◆ **Data in this exercise**:
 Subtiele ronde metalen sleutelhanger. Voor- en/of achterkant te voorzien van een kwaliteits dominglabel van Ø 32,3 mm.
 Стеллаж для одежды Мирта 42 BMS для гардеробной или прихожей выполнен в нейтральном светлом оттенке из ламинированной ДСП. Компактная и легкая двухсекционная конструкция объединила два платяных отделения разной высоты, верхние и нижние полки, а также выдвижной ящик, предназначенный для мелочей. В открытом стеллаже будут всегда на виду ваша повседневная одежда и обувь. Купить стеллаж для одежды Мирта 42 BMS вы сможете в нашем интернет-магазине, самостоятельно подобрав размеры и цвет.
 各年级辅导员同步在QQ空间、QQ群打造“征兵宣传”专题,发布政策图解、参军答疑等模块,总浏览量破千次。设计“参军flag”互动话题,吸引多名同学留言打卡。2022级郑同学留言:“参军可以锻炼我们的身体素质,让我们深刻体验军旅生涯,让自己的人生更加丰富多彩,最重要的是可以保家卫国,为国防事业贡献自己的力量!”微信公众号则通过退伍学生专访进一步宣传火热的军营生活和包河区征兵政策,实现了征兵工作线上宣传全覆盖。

==

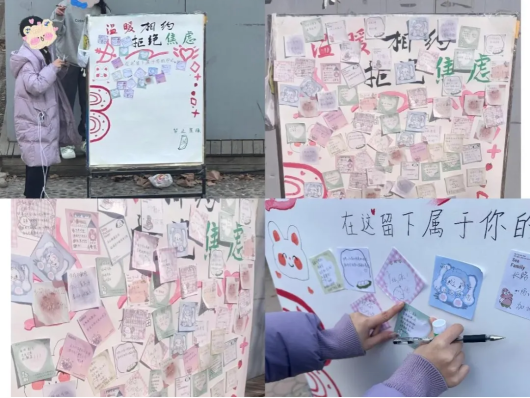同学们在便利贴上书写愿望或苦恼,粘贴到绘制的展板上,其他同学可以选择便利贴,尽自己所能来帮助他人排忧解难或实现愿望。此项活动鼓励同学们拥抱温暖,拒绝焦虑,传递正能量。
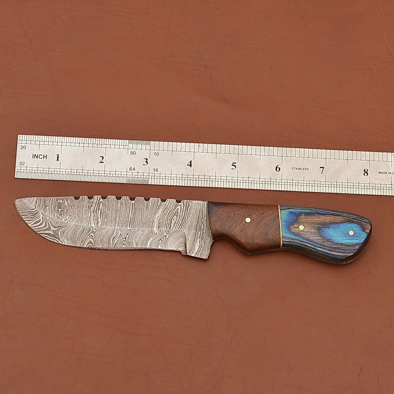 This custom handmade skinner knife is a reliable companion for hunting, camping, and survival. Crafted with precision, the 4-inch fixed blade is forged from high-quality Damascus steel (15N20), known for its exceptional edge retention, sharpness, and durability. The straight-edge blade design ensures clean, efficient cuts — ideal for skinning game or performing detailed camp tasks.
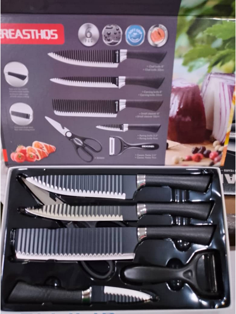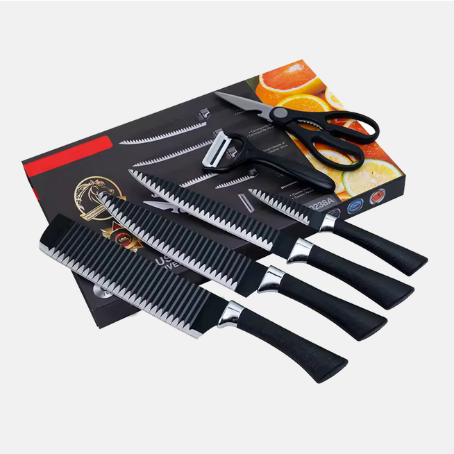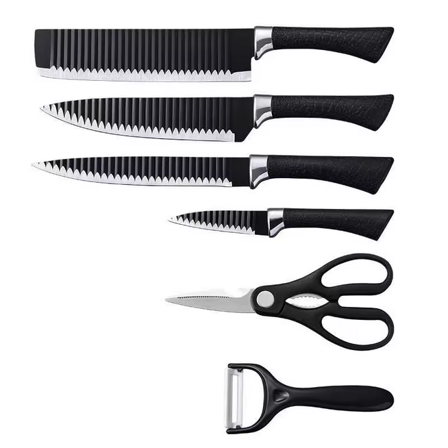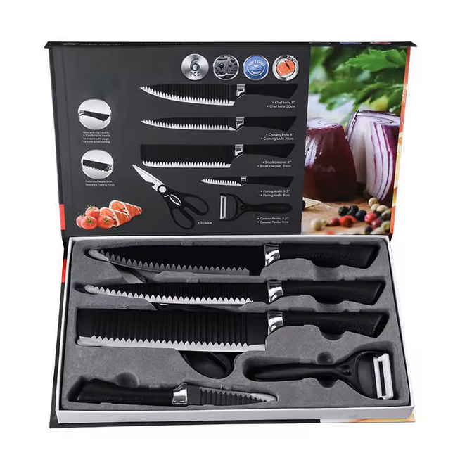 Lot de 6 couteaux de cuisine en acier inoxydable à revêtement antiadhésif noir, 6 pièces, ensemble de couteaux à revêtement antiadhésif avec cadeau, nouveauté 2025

---

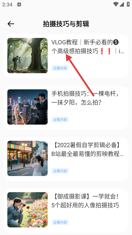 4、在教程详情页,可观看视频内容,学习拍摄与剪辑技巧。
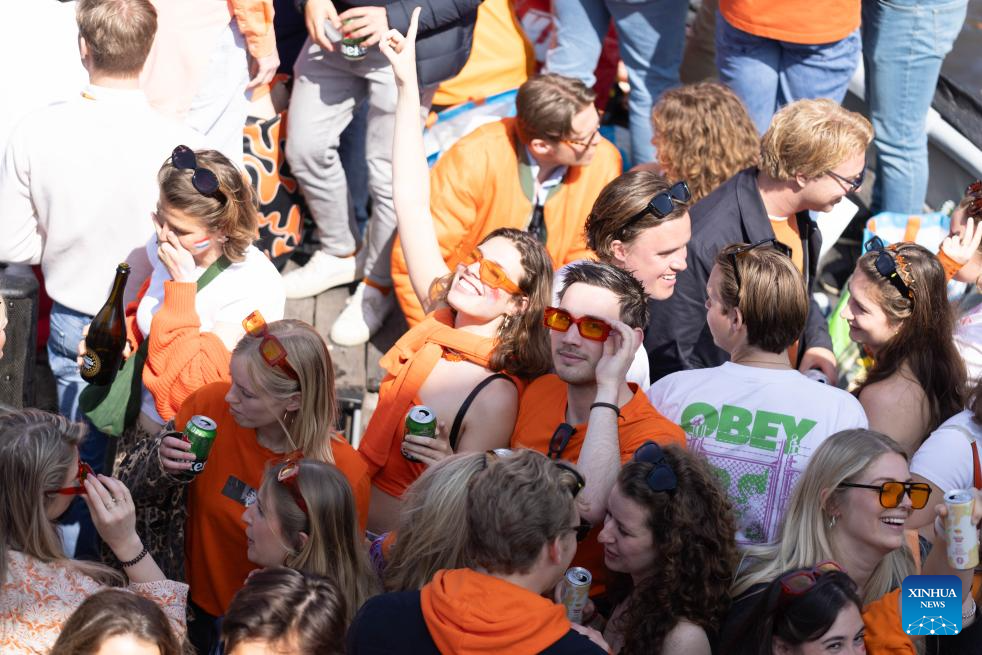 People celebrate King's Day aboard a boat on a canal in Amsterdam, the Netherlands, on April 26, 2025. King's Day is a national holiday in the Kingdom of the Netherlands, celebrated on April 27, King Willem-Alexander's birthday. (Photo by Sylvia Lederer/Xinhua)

◆ **What you are asked to do**:
In the material above, transcribe exactly the lines beginning at the one with "Стеллаж для одежды Мирта 42 BMS для" and ending at the one with "各年级辅导员同步在QQ空间、", both included.

◆ **Response box**:
 Стеллаж для одежды Мирта 42 BMS для гардеробной или прихожей выполнен в нейтральном светлом оттенке из ламинированной ДСП. Компактная и легкая двухсекционная конструкция объединила два платяных отделения разной высоты, верхние и нижние полки, а также выдвижной ящик, предназначенный для мелочей. В открытом стеллаже будут всегда на виду ваша повседневная одежда и обувь. Купить стеллаж для одежды Мирта 42 BMS вы сможете в нашем интернет-магазине, самостоятельно подобрав размеры и цвет.
 各年级辅导员同步在QQ空间、QQ群打造“征兵宣传”专题,发布政策图解、参军答疑等模块,总浏览量破千次。设计“参军flag”互动话题,吸引多名同学留言打卡。2022级郑同学留言:“参军可以锻炼我们的身体素质,让我们深刻体验军旅生涯,让自己的人生更加丰富多彩,最重要的是可以保家卫国,为国防事业贡献自己的力量!”微信公众号则通过退伍学生专访进一步宣传火热的军营生活和包河区征兵政策,实现了征兵工作线上宣传全覆盖。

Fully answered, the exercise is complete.